Are Fish and Plants on Antidepressants?

Prozac: an antidepressant with Fluoxetine. Image courtesy of Wikipedia Commons
Prozac: an antidepressant with Fluoxetine.  Image courtesy of Wikipedia Commons.

Prozac: an antidepressant with Fluoxetine. Image courtesy of Wikipedia Commons.

What happens when people take prescribed medications?  The obvious, immediate effect is helping the person with their ailment, but unfortunately, drugs are also getting into the environment through wastewater and are harming aquatic life.  When people are prescribed pharmaceuticals, the patients’ assumptions are that their bodies absorb all of the chemicals and that is what causes them to feel better.  In actuality, the body usually interacts with the medication, but the active chemical can sometimes remain undisturbed and is eventually secreted from the body as waste in the bathroom.  The water is then treated, but not on a small enough scale to filter out most pharmaceuticals.  Once the wastewater is integrated into lakes and streams, the drugs are still present in the water and wildlife is exposed to human medication.

One type of drug that is consistently found in aquatic environments is fluoxetine.  Fluoxetine is the active ingredient is Prozac, an antidepressant medication that can also be used to reduce the negative symptoms of anxiety and obsessive-compulsive disorders on patients.  Fluoxetine works by increasing the activity of serotonin in the brain, a chemical responsible for giving people a sense of happiness.

When aquatic animals are exposed to fluoxetine, serotonin activity is not the only body function altered, unlike in humans.  In a study done by Maria Gonzalez-Rey, a researcher at the Center for Marine and Environment Research in Portugal, mussels exposed to fluoxetine and other commonly found drugs in the environment had complications that resulted in DNA damage and growth problems.  Medications are tailored to alter the chemicals in the human body, but as seen with mussels in particular, the same chemicals can also affect animal differently.

Fluoxetine accumulates in fish’s livers, brains, and muscles where it not only alters their bodies physically on a small, molecular scale with DNA, as previously discussed, but also has huge effects on their mood as a side effect.  Male fish were observed to be more aggressive, seek isolation, and continuously do repetitive behaviors. Since the males were so aggressive, reproduction became limited and many of the female fish died.  Additionally, when the animals were exposed to just fluoxetine, the anxiety levels were altered.  This has the potential to be tragic because the animals will have decreased perceptions of threats and become targets in the food chain.

Are these experiments actually representative of what happens in the environment?  While it seems like these responses from animals are drastic, proper dosages that are actually observed in nature were used.  One of the major problems with fluoxetine in the environment is that it does not break down easily.  When testing many types of pharmaceuticals in water, fluoxetine had the longest attenuation rate, which means that it does not break down as fast as other pharmaceuticals found in the water.  So as more people are prescribed Prozac, fluoxetine accumulates in the environment causing concentrations to rise.

After traveling through streams and rivers, fluoxetine can then gather in soil and can be taken up by plants.  In a study used to test how fast pharmaceuticals break down in soil, fluoxetine was one of the most persistent and was still completely present after 40 days.  The plants growing in the soil then incorporate fluoxetine in their roots.
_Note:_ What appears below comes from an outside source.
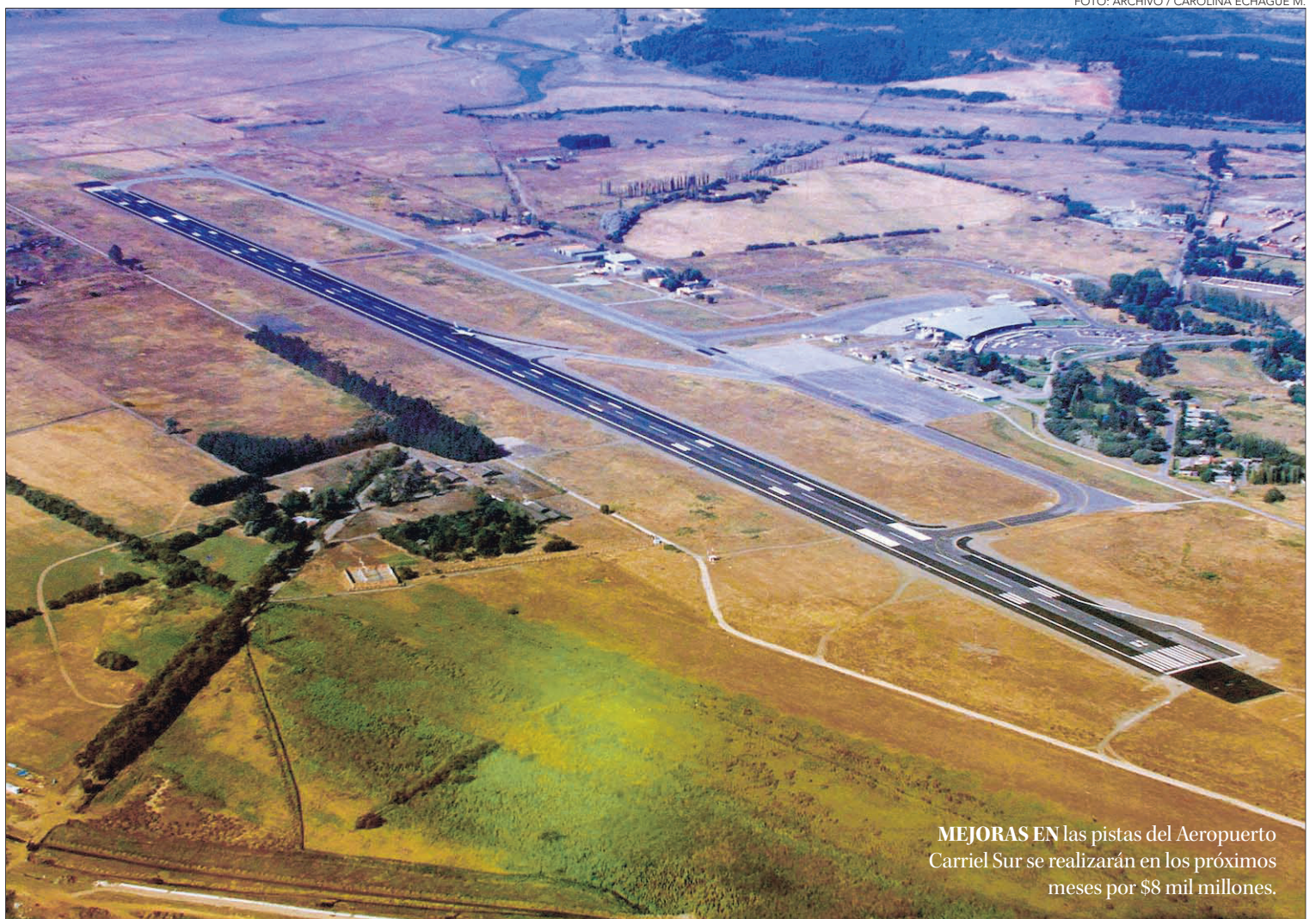
MEJORAS EN las pistas del Aeropuerto Carriel Sur se realizarán en los próximos meses por $8 mil millones.

El intendente Giacaman reiteró el compromiso en esta materia. “Desde octubre a la fecha, hemos tenido una serie de desafíos y eso no signi-

Fluoxetine in plants can have a huge effect on humans.  Since one of the main sources of nutrients for people is through plants, people can indirectly consume this medication.  Fluoxetine was notably present in roots, which people eat regularly in beets, carrots, and potatoes.  In order for a human to consume fluoxetine through food, the soil would have to be contaminated, but even then the concentrations would not be as high as an actual prescribed dosage.  In the future, as contamination increases, the concentration will increase and people will be more at risk.
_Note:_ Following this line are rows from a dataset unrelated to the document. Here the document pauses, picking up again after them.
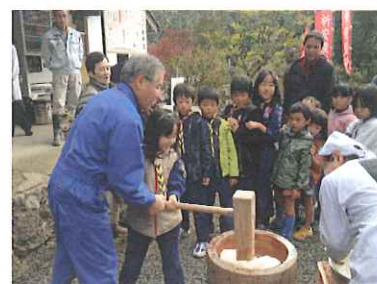
みんなでお餅つき
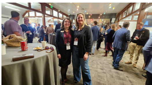
Evento "Premier Napa Valley" de Napa Valley Vintners
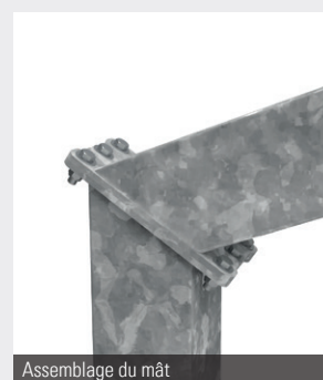
Assemblage du mât
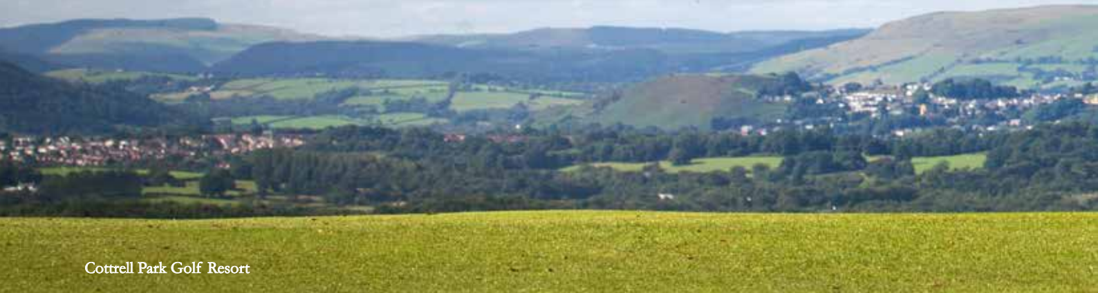
Cottrell Park Golf Resort

Cyfrinach gorau Cymru yw Bro Morgannwg. Y man mwyaf deheuol yng Nghymru yw hi ac mae ganddi arfordir trawiadol, traethau penigamp a môr gwych i syrffio ynddo. Oherwydd hyn, y Fro yw'r lle perffaith i fyw a gweithio.
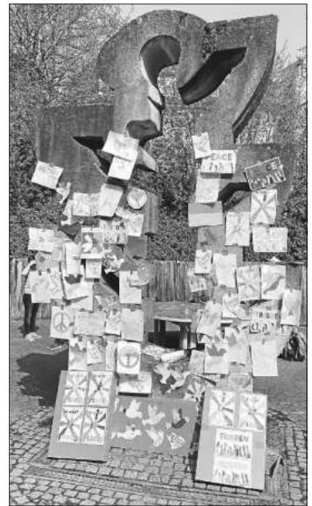
Die Friedensbotschaften der RSG.

Die Friedensgrüße schmücken nun das gesamte Schulhaus und werden bis zum Ende des Schuljahres den Alltag begleiten. Viele Schülerinnen und Schüler spendeten auch einen symbolischen Euro und so kamen insgesamt 250 Euro zusammen, welche nun an eine humanitäre Einrichtung zur Unterstützung in der Ukraine gespendet werden. ■
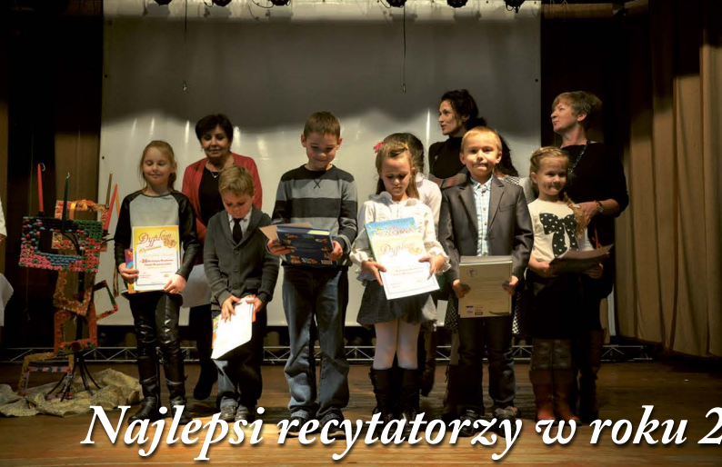
Najlepsi recytatorzy w roku 2013

Unfortunately, fluoxetine is not the only medication that is accumulating in the environment.  There are antibiotics, anti-convulsants, hormones such as estrogen, and mood stabilizers in addition to antidepressants.  This accumulation of medications in water calls for the improvement of water treatment filtration.  Since people need medication, the only viable solution is to fix the filtration systems.  Some cities are starting to reuse waste water and redistribute as drinking water, which poses a huge threat to humans when there are residues of old medication still present.  The problem of pharmaceuticals not being properly filtered out through water treatment facilities is already harming the environment and aquatic organisms, but is beginning to pose a threat to humans as well.